_RAW DATA_:

* * * *

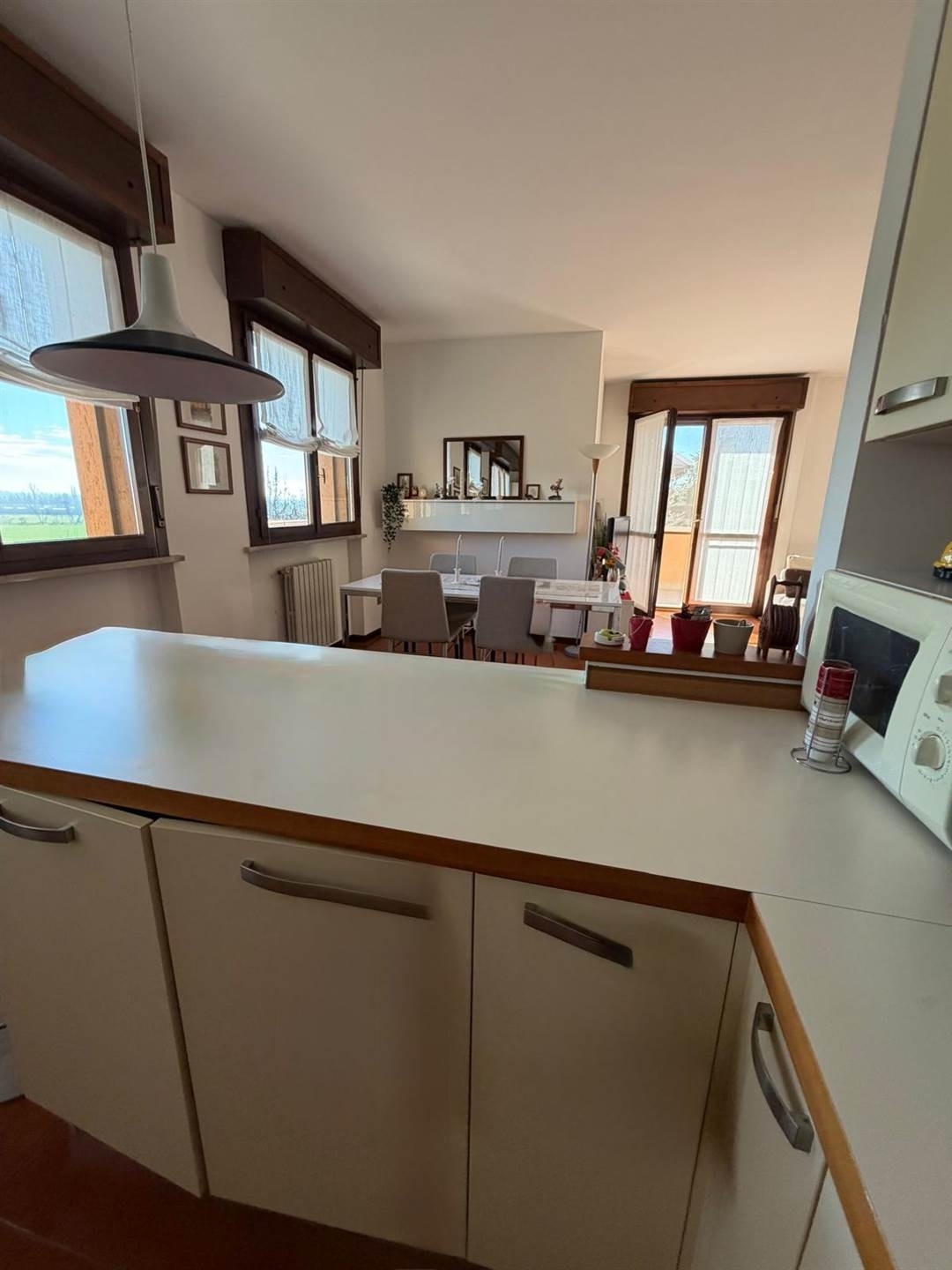 Zona stelle - via aldo moro - in complesso residenziale, al terzo e ultimo piano, proponiamo luminosissimo trilocale orientato est-sud cosi' disposto: al primo livello un comodo ingresso che si apre su un ampio soggiorno diviso in zona pranzo e in zona living, una cucina ampia con piano bar attualmente a vista sulla zona pranzo facilmente ripristinabile in cucina chiusa e abitabile, un bagno con spazio per asciugatrice e lavatrice e un terrazzo coperto con vista panoramica aperta sul verde; al secondo livello due camere da letto che si aprono su un ampio terrazzo coperto che le circonda ( con vano caldaia e punto acqua ) e un bagno finestrato; mentre al terzo livello un comodo sottotetto rifinito, perfetto come locale hobby/palestra/studio o personalizzabile in base alle proprie esigenze. Completa la proprieta' una comoda cantina. Possibilita' box. Classe energetica: non indicata
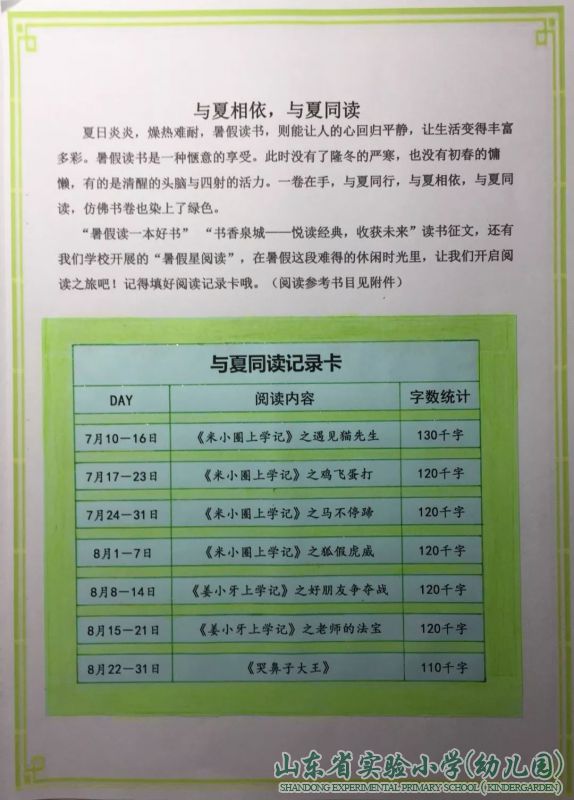 --山东省实验小学2018暑假课程手册
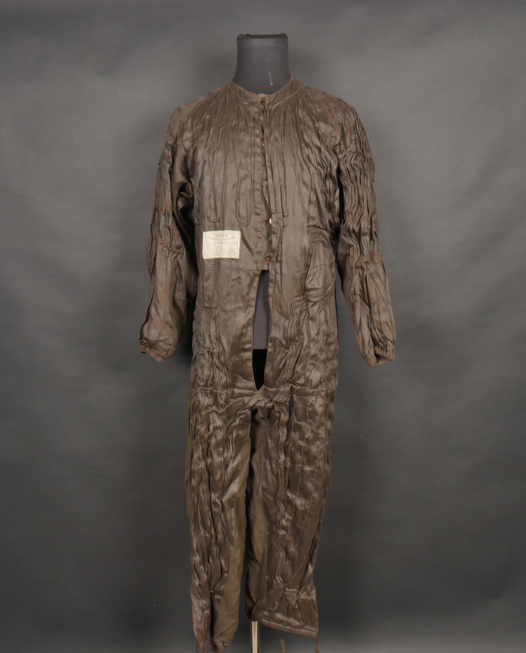 Combinaison chauffante Airlux. Type 111, entièrement confectionnée en fine laine marron et équipée de résistances électriques. Etiquette du fabricant indiquant le modèle, la date de... en savoir plus
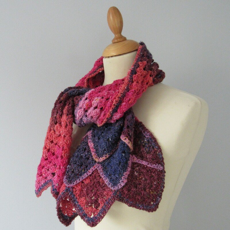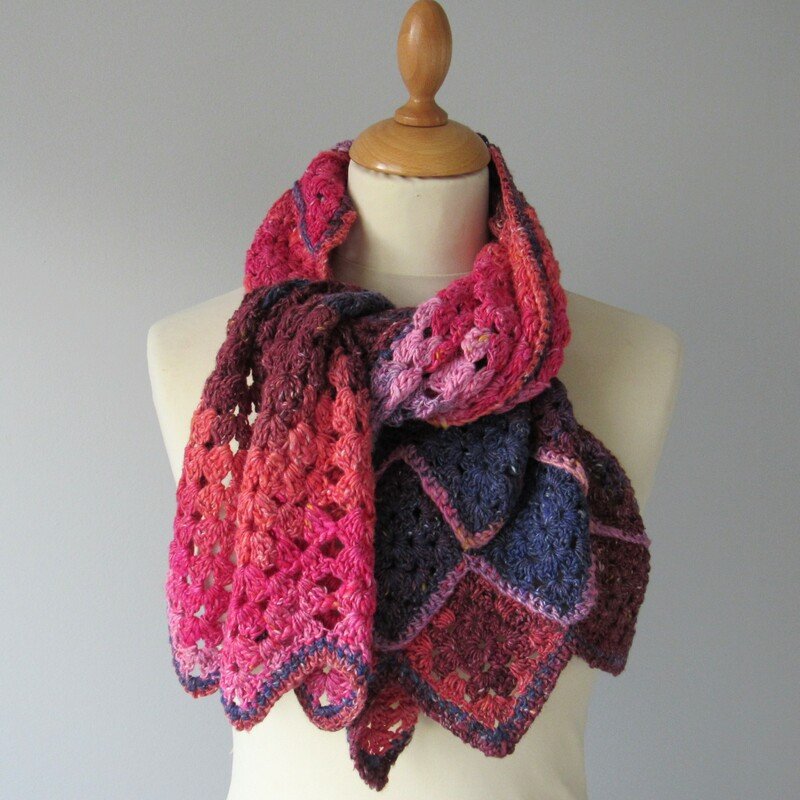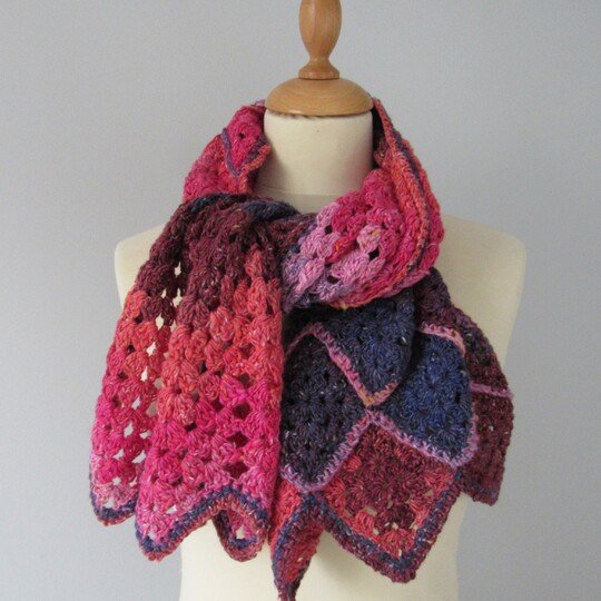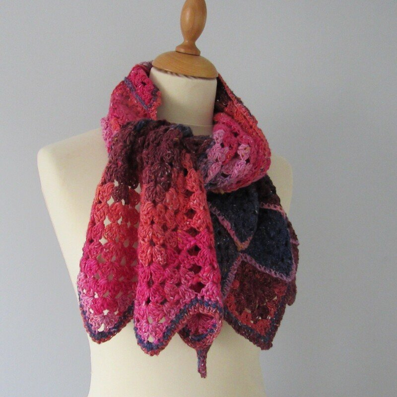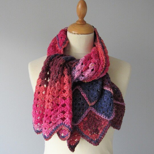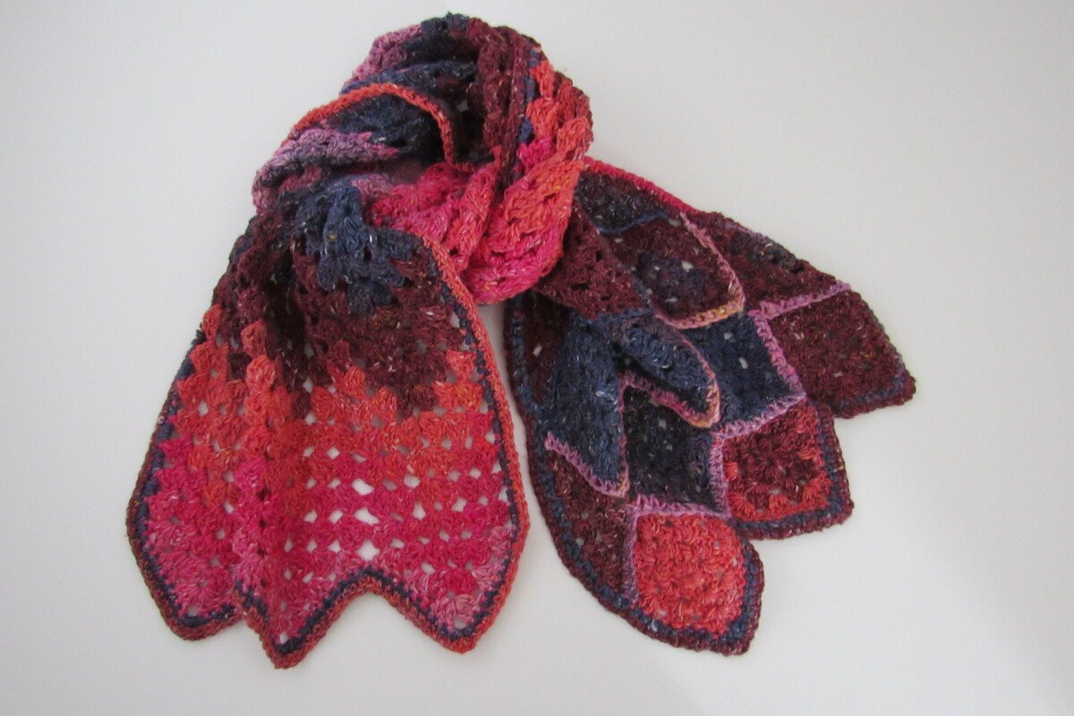 Working a ripple pattern for half the scarf and granny square and triangle motifs for the second half.

* * * *

_HOW TO COMPLETE THIS TASK_:
Within the listing above, find the line containing "Combinaison chauffante Airlux.", then print it and every line after it exactly, leaving out pictures.

_TASK RESULT_:
 Combinaison chauffante Airlux. Type 111, entièrement confectionnée en fine laine marron et équipée de résistances électriques. Etiquette du fabricant indiquant le modèle, la date de... en savoir plus
 Working a ripple pattern for half the scarf and granny square and triangle motifs for the second half.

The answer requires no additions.